▶ **Data supplied**:
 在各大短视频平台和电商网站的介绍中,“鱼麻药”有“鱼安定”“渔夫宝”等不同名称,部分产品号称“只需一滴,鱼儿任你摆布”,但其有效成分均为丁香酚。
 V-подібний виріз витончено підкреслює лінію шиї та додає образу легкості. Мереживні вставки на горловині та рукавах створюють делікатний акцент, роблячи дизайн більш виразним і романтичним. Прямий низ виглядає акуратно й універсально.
--
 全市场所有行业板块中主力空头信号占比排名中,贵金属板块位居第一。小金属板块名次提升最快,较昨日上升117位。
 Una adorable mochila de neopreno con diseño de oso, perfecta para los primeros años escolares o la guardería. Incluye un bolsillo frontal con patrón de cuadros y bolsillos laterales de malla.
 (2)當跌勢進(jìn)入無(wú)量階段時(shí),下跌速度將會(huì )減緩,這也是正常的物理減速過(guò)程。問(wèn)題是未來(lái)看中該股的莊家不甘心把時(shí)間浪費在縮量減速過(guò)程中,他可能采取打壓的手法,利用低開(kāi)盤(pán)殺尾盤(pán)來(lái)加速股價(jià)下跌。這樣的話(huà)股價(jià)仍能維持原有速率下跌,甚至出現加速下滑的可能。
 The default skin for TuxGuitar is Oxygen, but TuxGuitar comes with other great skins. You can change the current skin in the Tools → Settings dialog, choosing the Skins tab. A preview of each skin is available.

▶ **The problem**:
The stretch of entries above that starts with the line containing "全市场所有行业板块中主力空头" and goes on through the line containing "The default skin" is to be transcribed exactly, and no other line is to be transcribed.

▶ **Written response**:
 全市场所有行业板块中主力空头信号占比排名中,贵金属板块位居第一。小金属板块名次提升最快,较昨日上升117位。
 Una adorable mochila de neopreno con diseño de oso, perfecta para los primeros años escolares o la guardería. Incluye un bolsillo frontal con patrón de cuadros y bolsillos laterales de malla.
 (2)當跌勢進(jìn)入無(wú)量階段時(shí),下跌速度將會(huì )減緩,這也是正常的物理減速過(guò)程。問(wèn)題是未來(lái)看中該股的莊家不甘心把時(shí)間浪費在縮量減速過(guò)程中,他可能采取打壓的手法,利用低開(kāi)盤(pán)殺尾盤(pán)來(lái)加速股價(jià)下跌。這樣的話(huà)股價(jià)仍能維持原有速率下跌,甚至出現加速下滑的可能。
 The default skin for TuxGuitar is Oxygen, but TuxGuitar comes with other great skins. You can change the current skin in the Tools → Settings dialog, choosing the Skins tab. A preview of each skin is available.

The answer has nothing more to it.